I cannot summarize his post, which is itself a concise summary of a set of ideas. As usual, if a link I provide interests you, then I recommend that you click through.
Meritocratic selection-by-examination selects for capacity, not character. Over time, it selects more and more for manipulative personalities, who undermine the (prosocial) normative coherence of the organisation and shift it more towards serving the interests of such personalities.
People learn how to game the system. Then they freeze the system in place, because of how gaming it helps them get ahead. The only way to avoid that sort of decay is to keep tweaking the system whenever people start to figure out how to game it.
The market tends to weed out decadent systems.
Commerce tends to select against inefficiency, as releasing unused or under-used resources is a profit opportunity. The industrial revolution was not kicked off by academics, or even gentleman-scholars. It was kicked off by jobbing artisans trying to solve technical problems with commercial implications in an institutional environment that allowed that to happen in a cumulative and accelerating way.
A study from 2005 that tracked assortative mating in marriages found that if your highest level of education is a high school diploma, your probability of marrying a college graduate is only nine percent. In contrast, if you hold a college degree, your probability of marrying a fellow college graduate is sixty-five percent. This figure is probably higher today.
But he later writes,
A recent meta-analysis found that the average intelligence of university students and university graduates has dropped to the average of the general population. The college degree is losing its signaling power not only for the labor market, but for assortative mating, too.
If that analysis is correct, then most colleges are not selecting for intelligence. What are they selecting for? Conformity? Willingness to pay tuition?
Philosophers use the term “ideal theory” to describe an argument that posits an optimal society based on abstract, idealized assumptions about people’s behavior. Libertarianism is the opposite of this. It doesn’t assert that people are inherently good, or that they would accomplish great things if government merely got out of the way (although that’s often true). Instead, it recognizes that people are fallible—often ignorant, foolish and malevolent—and concludes that for this very reason, their ability to use government’s coercive powers should be minimized.
Libertarians try to rid people of the notion that someone suddenly becomes endowed with wisdom and benevolence when he moves into a position of power.
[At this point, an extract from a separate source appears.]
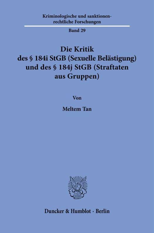 English summary: The Criticism of 184i StGB (Sexual Harassment) and 184j StGB (Group Offenses) Since the implementation of the criminal norms 184i StGB (sexual harassment) and 184j StGB (criminal offenses from groups), there has been a critical discussion in legal literature as to whether these offenses exceed the threshold of criminal conduct. This doctoral thesis takes an in-depth look at the legitimacy of these norms, and at the same time criticizes the relevant aspects to conclude with a concrete legislative proposal. German description: Die Strafnormen der sexuellen Belastigung ( 184i StGB) und der Straftaten aus Gruppen ( 184j StGB) stehen im Spannungsfeld juristischer Kontroversen und verdienen eine tiefgehende Auseinandersetzung. Wahrend die Regelung zur sexuellen Belastigung aufgrund ihrer Alltagsrelevanz und des Schutzes vor diesem Verhalten von zentraler Bedeutung ist, wirft 184j StGB erhebliche verfassungsrechtliche Fragen auf. In ihrer Arbeit beleuchtet die Autorin die Daseinsberechtigung dieser Normen und befasst sich mit der Legitimation des geschutzten Rechtsguts der sexuellen Selbstbestimmung. Durch eine intensive Analyse der Tatbestandsmerkmale werden die bestehenden Herausforderungen und Schwachstellen aufgezeigt. Daruber hinaus setzt sich die Autorin mit der Erweiterung des Schutzbereichs auseinander, um auch verbale und digitale Formen sexueller Belastigung zu erfassen. Abgerundet wird die Untersuchung durch einen rechtsvergleichenden Ansatz, der in einen Gesetzesvorschlag mundet.

substacks referenced above:
@
@
@
@
Re: "The college degree is losing its signaling power not only for the labor market, but for assortative mating, too."
Indeed, the trend is that graduates of selective colleges increasingly delay marriage, partly because female graduates want to observe a clearer signal of a prospective spouse's future earnings. On average, it takes several years to clarify career trajectory, precisely because the college degree has become a noisier signal.
See Muhammed Alparslan Tuncay's dissertation, "Assortative Mating and Inequality":
https://knowledge.uchicago.edu/record/1881?ln=en&v=pdf
Re: "If that analysis [cited by Rob Henderson] is correct, then most colleges are not selecting for intelligence. What are they selecting for? Conformity? Willingness to pay tuition?"
Most colleges aren't selective.
The student who applies to college ipso facto passes the conformity bar at non-selective colleges.
Re: revenues. In addition to willingness to pay tuition, colleges rely on *willingness to take out loans.* Remarkably, an offer of college admission goes a long way to qualify youths for large loans. The incentives are screwy. The college finance system is thoroughly gamed by all players. On the one hand, incentives in college finance are a prime example of what Arnold calls "decadent systems." On the other hand, markets and competition among colleges play a large role in college admissions.
Perhaps the Achilles heel is regulatory distortion: massive taxpayer subsidies, guaranteed student loans -- and now forgiveness of loans. College finance is exhibit no. 21,378 in the phenomenon, "baptists & bootleggers" coalition-formation. Ideals of "access" and education-worship play the baptist role.